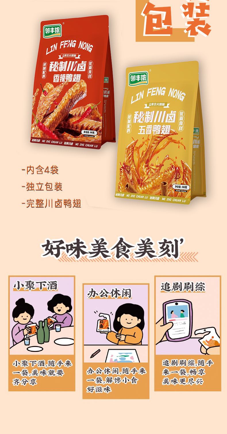 【炎鸿】邻丰侬 五香鸭翅 88g/袋*2袋
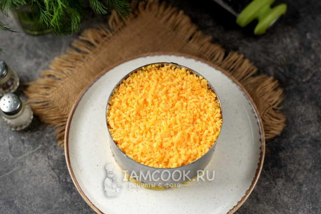 Желтки натрите на меленькой терке, посыпьте ими верх салата, накройте пищевой пленкой, дайте время настояться.
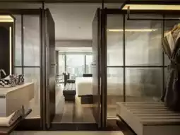 The lobby features a modern Oriental ambiance with a black, white, and gray color scheme. The entrance water feature and frosted glass design create a misty and private atmosphere. Guests are welcomed with seated check-in services, complete with sofas, welcome tea, and hand towels. A unique in-room fragrance selection service (with three aroma options) adds a touch of ceremony to the stay.
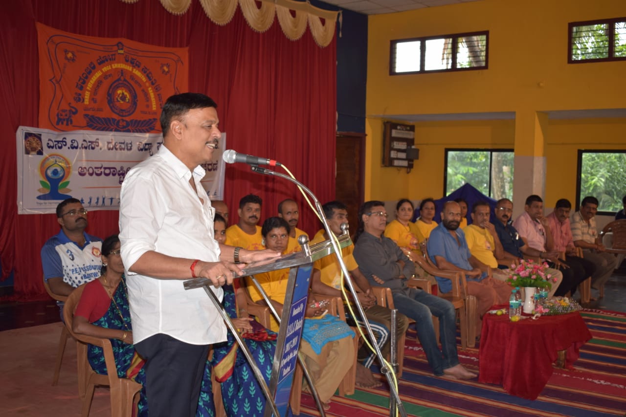 ಶ್ರೀ ಪತಂಜಲಿ ಯೋಗ ಶಿಕ್ಷಣ ಸಮಿತಿ ಹಾಗೂ ಎಸ್ವಿಎಸ್ ದೇವಳ ವಿದ್ಯಾಸಂಸ್ಥೆಯ ಆಶ್ರಯದಲ್ಲಿ ಅಂತರಾಷ್ಟ್ರೀಯ ಯೋಗ ದಿನಾಚರಣೆಯ ಅಂಗವಾಗಿ ಬಂಟ್ವಾಳದ ನೇತ್ರಾವತಿ ನದಿ ಕಿನಾರೆಯಲ್ಲಿರುವ ಶ್ರೀ ತಿರುಮಲ ವೆಂಕಟರಣ ದೇವಸ್ಥಾನ ಕಲ್ಯಾಣ ಮಂಟಪದ ಸಭಾಂಗಣ ಹಾಗೂ ಹೊರಾಂಗಣದಲ್ಲಿ ಯೋಗಾಭ್ಯಾಸದ ಸಭಾ ಕಾರ್ಯಕ್ರಮದಲ್ಲಿ ಮಾತನಾಡಿದರು
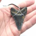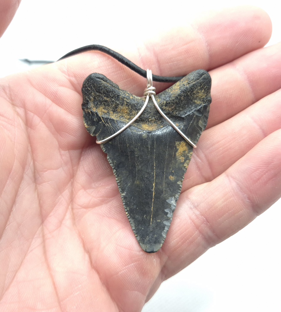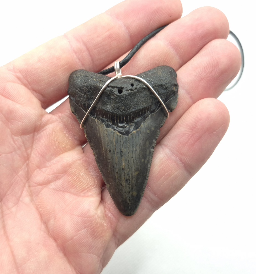 Schöne Megalodon Halskette mit einem versteinerten Haizahn (Otodus Megalodon) aus Wilmington in North Carolina USA.
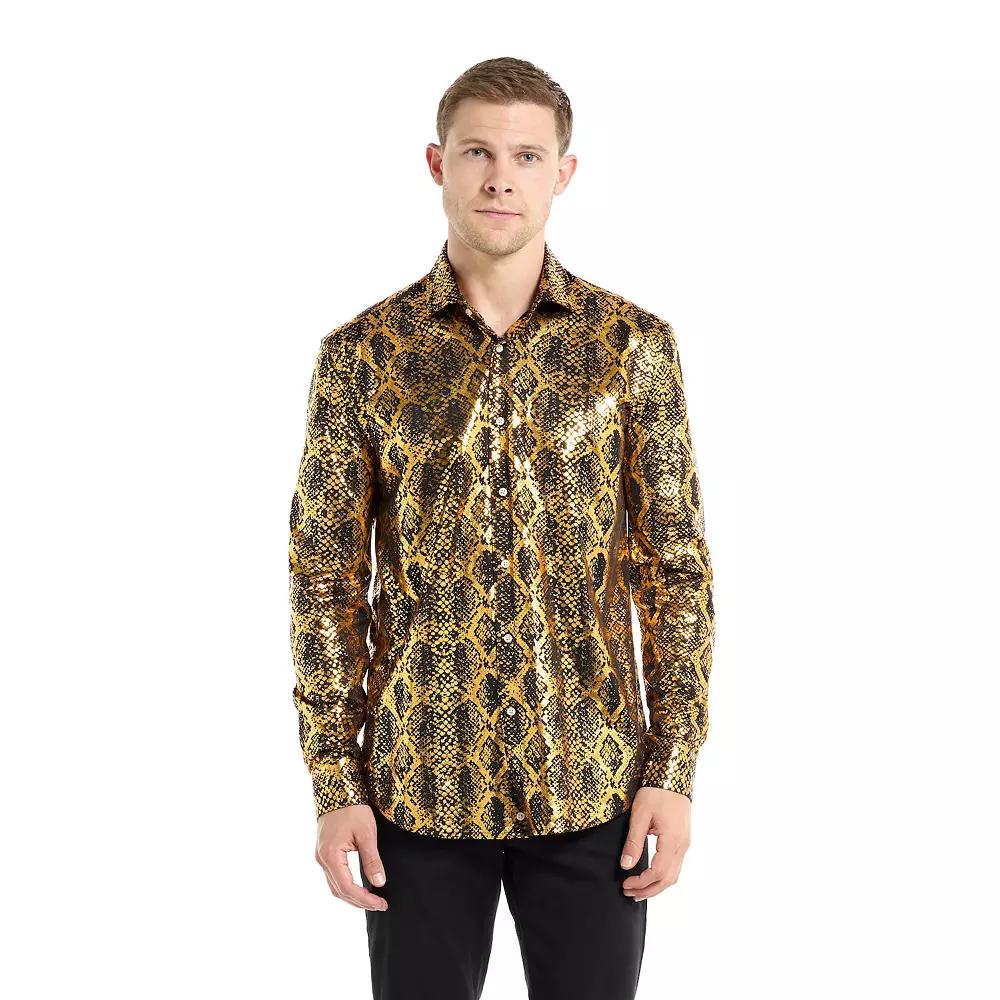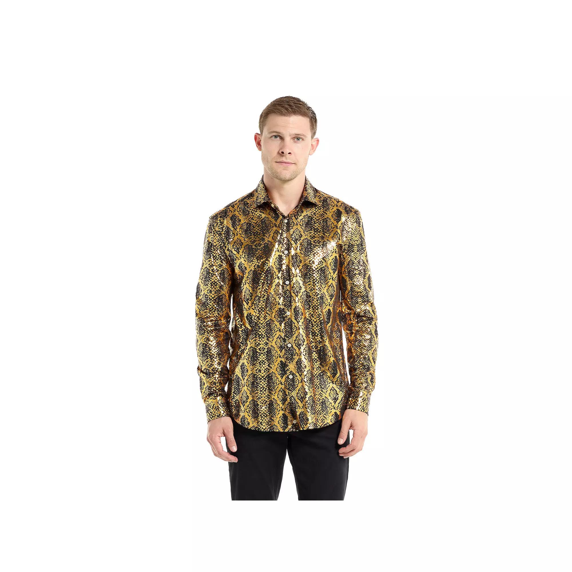Slide your way across the dance floor with this eye-catching button-down from OppoSuits. Click on this MEN'S GUIDE to find the perfect fit and more!Slide your way across the dance floor with this eye-catching button-down from OppoSuits. Click on this MEN'S GUIDE to find the perfect fit and more!FIT & SIZING Button-front closure Collared neckline Long sleeve Slim fitFABRIC & CARE 100% Polyester Machine wash Imported Size: 4XL. Color: Gold. Gender: male. Age Group: adult. Pattern: snake print.
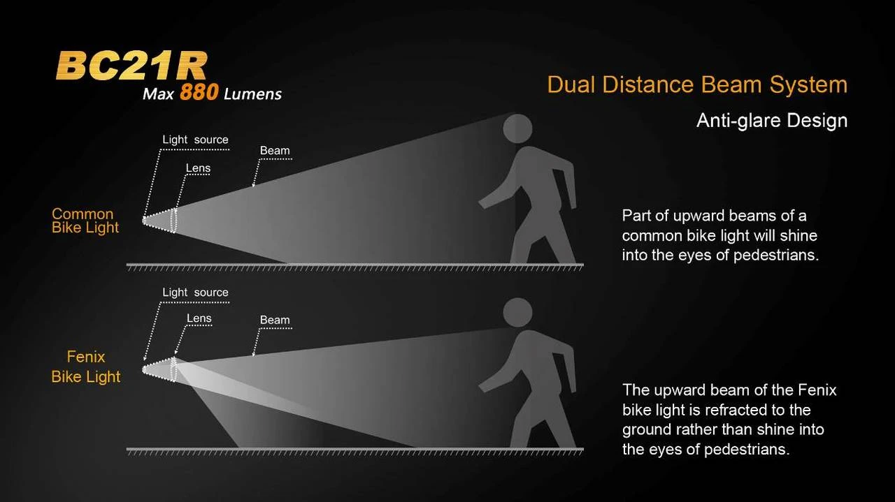 Flexible Power Application with Carry-on Convenience! The new Fenix BC21R Rechargeable Bike light is an integrated yet versatile bike light which delivers a maximum 880-lumen neutral white light. The BC21R features four output modes plus Flash to enhance your cycling activities. The built-in side red light assists in riding safety. The quick-release bike mount makes it easier to mount or dismount the light. Because the BC21R is powered by one standard 18650 rechargeable battery or two non-rechargeable CR123 battery, you can easily dismount the light, change the batteries, then continue on those long rights. This well-designed bike light goes anywhere for any activity. Perfect for road racing, bicycle riding, and urban commuting.

▶ **TASK STATEMENT**
The expected output is an exact copy of the lines from the top of the data above through the line containing "The lobby features", both included, with every picture omitted.

▶ **RESULT OF THE TASK**
 【炎鸿】邻丰侬 五香鸭翅 88g/袋*2袋
 Желтки натрите на меленькой терке, посыпьте ими верх салата, накройте пищевой пленкой, дайте время настояться.
 The lobby features a modern Oriental ambiance with a black, white, and gray color scheme. The entrance water feature and frosted glass design create a misty and private atmosphere. Guests are welcomed with seated check-in services, complete with sofas, welcome tea, and hand towels. A unique in-room fragrance selection service (with three aroma options) adds a touch of ceremony to the stay.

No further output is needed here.